A primeira versão do jogo conta com mais de 5 milhões de jogadores desde o seu lançamento, e a equipe recebeu um prêmio do British Academy Games Awards em 2012 — considerado o maior prêmio de jogos da Europa. 

Segundo Roberta Lucca, o segredo para conquistar uma base sólida de jogadores é trabalhar, constantemente, para que as condições favoreçam o player. "Você faz o melhor que pode para cuidar e dar atenção aos jogadores. Embora o foco inicial não seja um sucesso imediato, a gente sempre trabalha para que o cenário possibilite um destaque maior", disse a empreendedora para a EXAME.

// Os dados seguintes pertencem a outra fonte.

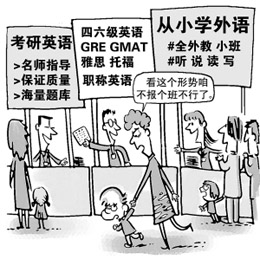 也許有人會問,目前世界范圍內不是也出現了漢語熱嗎?的確,全球學漢語的老外已超過了3000萬。然而,這些人大多數只把學漢語當作了解中國、經貿交往的一種工具而已。貼在巴黎街頭的一則醒目的海報這樣寫著:“學漢語吧,那意味著你未來幾十年內的機會和財富!蹦闱,人家是以“務實”為標識的。反觀吾國吾土,從社會到個人都被淹沒在英語的洪流中了。拿學位,評職稱,選人才,英語似乎成了首選的硬條件。一方面是母語的被忽視和玷污,另一方面則是英語的“一統天下”。英語霸權時代的漢語命運遭遇了尷尬。

Embora com uma base maior de jogadores nos Estados Unidos, Olifiers comentou que o sucesso de Surgeon Simulator é global — mais de 500.000 pessoas ainda assistem a vídeos sobre o jogo diariamente. A dupla ressaltou que essa é a primeira sequência de um jogo que realizam. A ideia surgiu de forma natural, em uma das sessões de brainstorm que realizam com os funcionários do estúdio.

Confira, abaixo, o trailer do jogo multiplayer.

Embora a pandemia tenha dificultado o trabalho coletivo para o lançamento do jogo, o estúdio conseguiu achar uma forma de trabalhar de forma híbrida — metade no escritório e metade em suas casas — para que o game pudesse ser lançado no tempo correto. Olifiers acrescentou que, embora profissionais de algumas áreas — como os devs — precisem estar mais fisicamente presentes, a tecnologia atual permite que um game seja finalizado remotamente.

Isso, porém, não significa que o estúdio possa existir de forma totalmente remota. "Como a Bossa é publicadora dos jogos que desenvolve, é importante estarmos de forma presencial em mercados como a Inglaterra, onde conseguimos atuar no desenvolvimento de negócios mais facilmente", disse Lucca.

Além disso, Olifiers também ressaltou que, embora a barreira das fronteiras esteja diminuindo, o acesso para financiamento e conhecimento tecnológico de jogos ainda é mais fácil fora do Brasil. "O maior evento profissional da área é a Game Developers Conference em São Francisco, nos Estados Unidos, seguido pela Gamescom", disse. "Ainda permanece sendo o melhor local para conseguir contatos profissionais, embora artistas e músicos tenham mais liberdade para trabalharem remotamente.

Ao final da entrevista, a dupla comentou existir o interesse de montar uma filial no Brasil futuramente — mas ainda é um projeto distante. O que não falta, porém, é investimento na área: até 2025, especialistas acreditam que o mercado de games brasileiro terá uma receita anual de 1 bilhão de dólares.